Compared with Connecticut’s grueling matchup against North Carolina State, Louisville — the lowest No. 1 seed — probably came away with the easiest wins of the weekend, leading Tennessee and Michigan almost all the way through its respective games.

The Cardinals will take on South Carolina on Friday. They are the closest team to a dark horse in the Final Four. They are the only remaining team that has never won a championship. Louisville entered the tournament with four losses. The most recent loss was against Miami in its first Atlantic Coast Conference tournament game.

Since then, though, sophomore guard Hailey Van Lith — a threat for tough layups and from behind the 3-point line — has scored at least 20 points in every game of the tournament. Her peer in the post, the Syracuse transfer Emily Engstler, has controlled the boards despite being just 6-foot-1 — smaller than most of the players she’s fighting with over the ball. The team’s defense has played excellently, but Louisville will need to summon even more energy to match that of the top overall seed.

South Carolina, which just defeated Creighton with the largest margin of victory (8, 80-50), enters the semifinals.
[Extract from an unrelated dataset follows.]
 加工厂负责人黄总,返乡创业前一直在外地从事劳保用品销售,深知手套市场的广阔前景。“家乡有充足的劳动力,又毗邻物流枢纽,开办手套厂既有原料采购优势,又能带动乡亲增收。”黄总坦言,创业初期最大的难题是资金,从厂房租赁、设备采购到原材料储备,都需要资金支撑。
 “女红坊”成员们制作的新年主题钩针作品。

It was a needed confidence boost for the Gamecocks, who hadn’t been able to convert their dominant defense into much offense since their brutal first-round beat-down of 16th-seeded Howard.
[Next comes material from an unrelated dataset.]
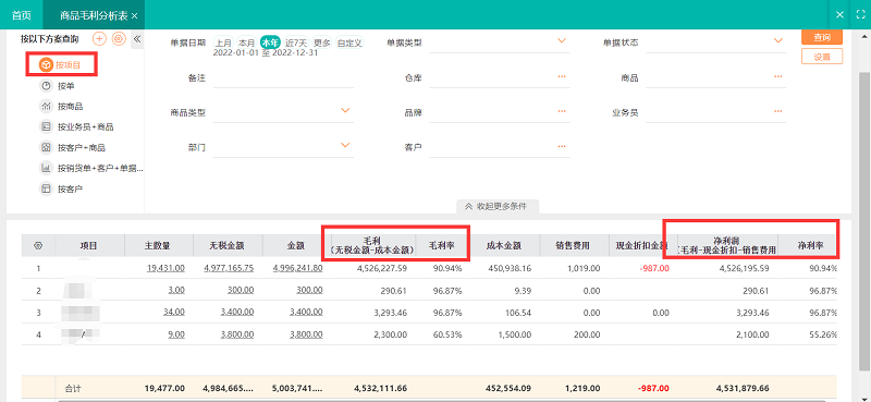 解决方案:销售毛利分析表随时按项目查看利润情况,成本、费用是否异常,帮忙老板做决策,是否要控制成本费用。

Boston was joined by Victaria Saxton, Brea Beal, and Destanni Henderson who all scored alongside Boston. This allowed the Gamecocks’ to show more of their depth than relying on Boston, who was a national player-of-the-year finalist. With renewed offense, South Carolina is looking for its second title and a chance to avenge its 1-point loss to Stanford in last year’s Final Four.

Bueckers, UConn’s resident highlight reel, seemed to return to form following her December leg injury in the second half of the Huskies’ grueling round of 8 matchup. She missed just one shot after halftime and scored 23 of her 27 points in overtime and the second half. The Huskies may need her to perform at that level to contend with Stanford — a tall order considering her injury. UConn will need her support cast to be consistent, especially Christyn Wilkins, who has often closed the scoring gap between Bueckers and her 6-foot forward Olivia Nelson-Ododa.

Stanford has proven through this tournament that they are not only one of the best and most experienced teams in the country but also that they are larger than most of their competitors. Stanford has just one starter under 6 feet tall, and that’s Anna Wilson, one of Division I’s best defenders. If Tara VanDerveer chooses to replace Wilson, she will have a large bench of tall players who can shoot and that will allow Stanford to intimidate even top teams. As the Cardinal fight to become the first team to repeat as champions since Connecticut, which won four consecutive times from 2013 to 2016, it is only fitting that they have to go through the Huskies first — a game that will see two of the most legendary coaches in the women’s game going head to head for the first time since 2017.

While the window for upsets and underdogs may be smaller, the competition in the last stage of tournament will be fiercer.